Во вторник, после первого дня экзаменов, они опять встретились в отеле. Во время ужина и прогулки обсудили вопросы, которые ей задавали, и ее ответы. А когда вернулись в отель, он поцеловал ее у двери номера, развернулся и ушел, оставив трепетать от желания, которое ночью заполнило все ее сны. В среду, когда она вернулась домой после второго дня экзаменов, ее ждал огромный букет розовых роз и приготовленный им ужин.

Он ухаживал за ней, и это было прекрасно! Но почему он это делал? Из-за ребенка или из-за искреннего чувства к ней?

Отхлебнув несколько глотков содовой, он поставил банку на подставку.

— Если захочешь остановиться и размяться, скажи.

— Спасибо.

Сегодня утром они приехали в «Баррингтон» и уехали вместе. Вроде бы никто не заметил. Дорога делала поворот, и Оливия решила, что сейчас самое время рассказать Лукасу о замечательном событии, которое произошло в конце рабочего дня.

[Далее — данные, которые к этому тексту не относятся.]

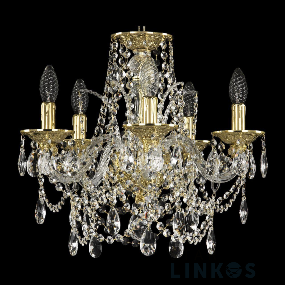 Поставщик рекомендует использовать лампы накаливания с цоколем E14 для освещения площади 14 м2. Подвесная люстра Bohemia Ivele 16111/5/141 G в классическом стиле используется в интерьере спальни с установкой на потолок.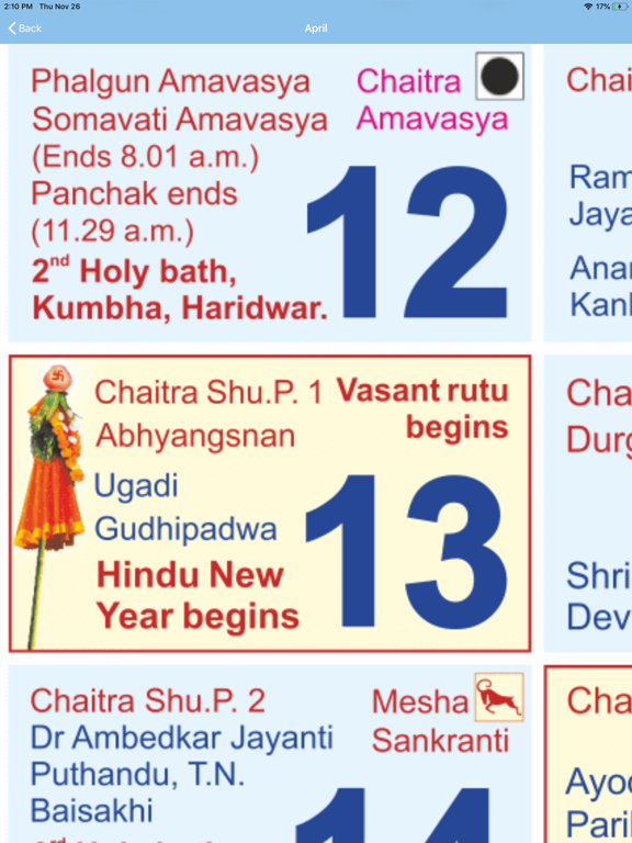 1. Detailed tithis (Indian Calendar system. Both Amavasyant and Pournimant panchang systems have been incorporated). So each date box in the calendar is accompanied with details of tithis in English.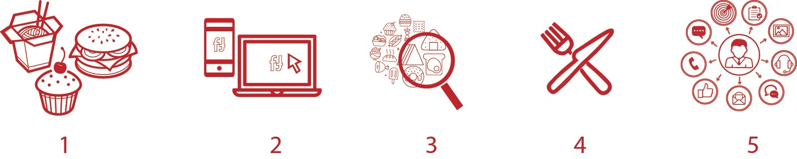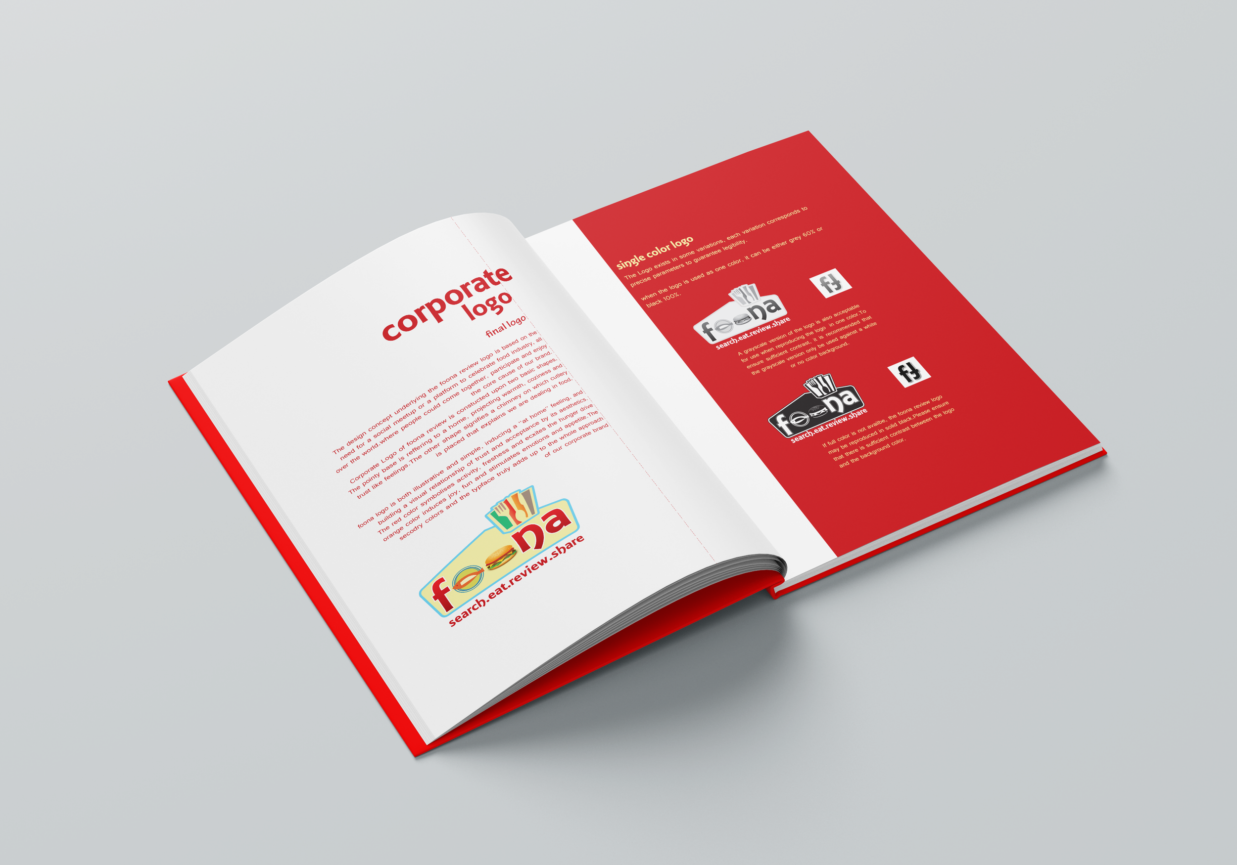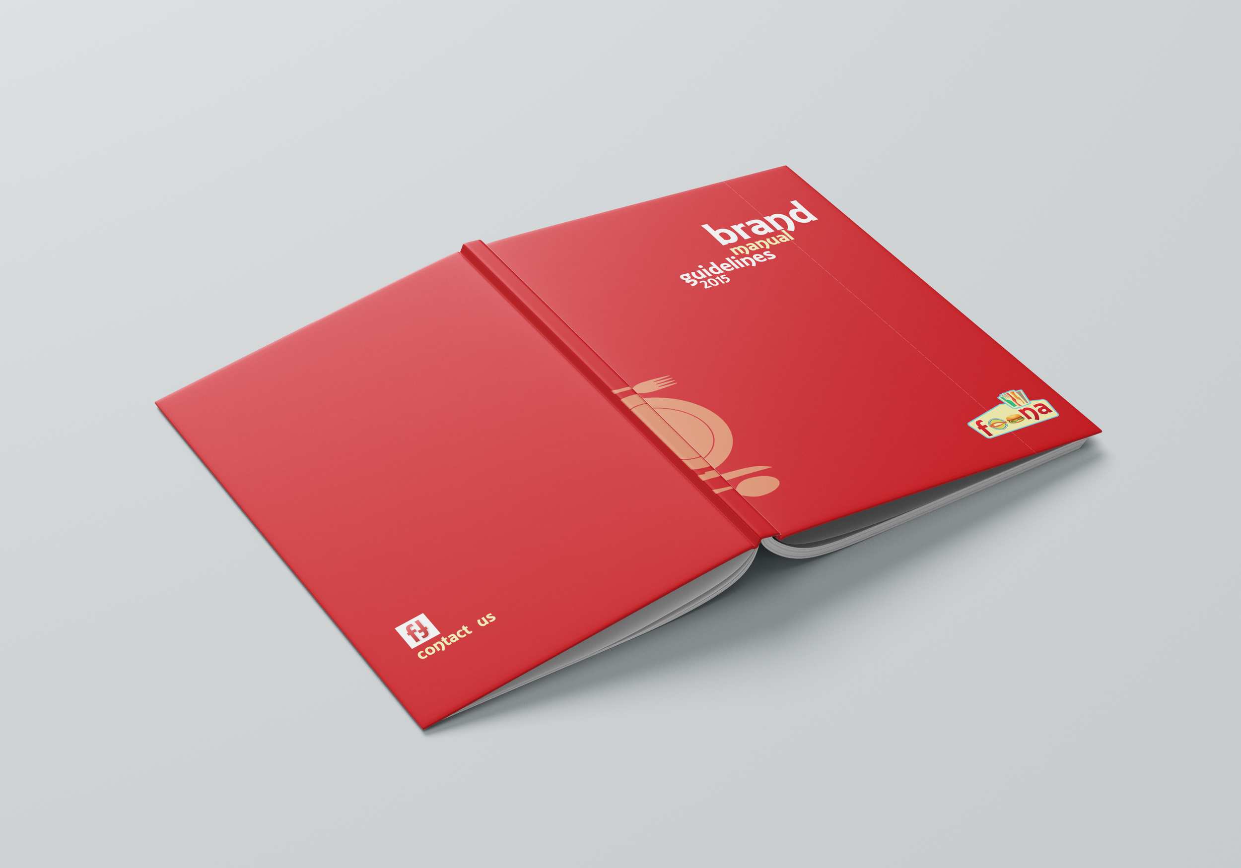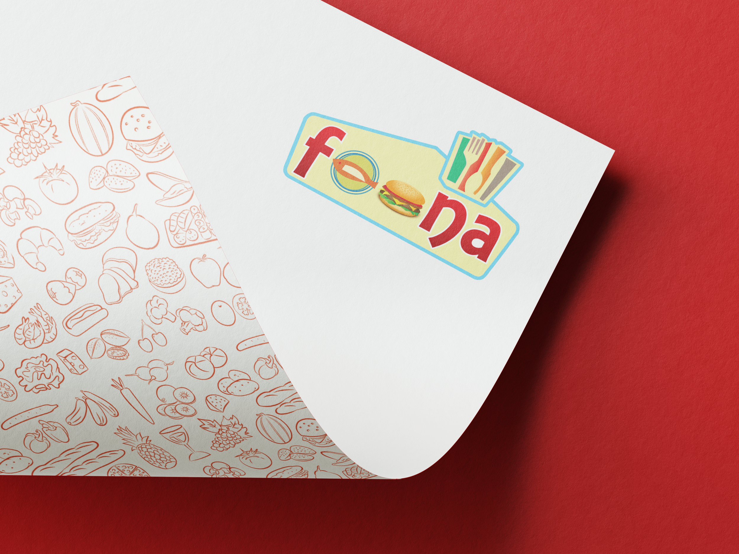 A strong red and white color scheme was used for the design, which stimulates hunger and energy, while keeping the design professional with sufficient use of whitespace. The distinctive cut on the logo represents a food theme, which gives a sense of tactility to the design. A subtle food iconography adds texture without visual clutter, and a clear typography ensures quick reading and business clarity.

— Мистер Баррингтон звонил мне сегодня. Лукас взглянул на нее:

— Рекс? Чего он хотел?

— Должно быть, решил поближе познакомиться со своими сотрудниками. Напомнил мне, что после того, как я получу уведомление, в «Баррингтоне» для меня освободится место. Стенли подал ему мою характеристику, и мистер Баррингтон сказал, что оба они довольны моей работой. Здорово, правда? — Она ожидала, что Лукас обрадуется. Но вместо этого он нахмурился:

— И что ты ему ответила?

— Я сказала, что буду счастлива стать официальным сотрудником юридического департамента в «Баррингтоне». Если сдам экзамен.

Шуршание шин по дороге подчеркивало напряженное молчание Лукаса. Наконец он спросил:

— А как же наш малыш?

— А что с нашим малышом? — Оливия не заметила резкости в его вопросе.

— Наш ребенок заслуживает мамы, которая будет полностью отдаваться ему, а не работе.

Честно говоря, она еще не задумывалась о том, как будет работать, когда родится ребенок. До сих пор все ее мысли были сосредоточены на учебе, на том, чтобы сдать экзамен и получить хорошую работу.

— Ты хочешь, чтобы я потеряла все годы, что училась и работала?

— Я хочу, чтобы ты поняла: ты собираешься стать матерью, а это значит, что у тебя теперь должны быть совершенно другие приоритеты.

— А почему я не могу быть и матерью, и одновременно работать? — Она чувствовала, что сейчас взорвется…

Лукас покачал головой:

— Не представляю, как это можно совместить. Как ты сможешь дать ребенку все, что ему нужно, если тебя не будет рядом?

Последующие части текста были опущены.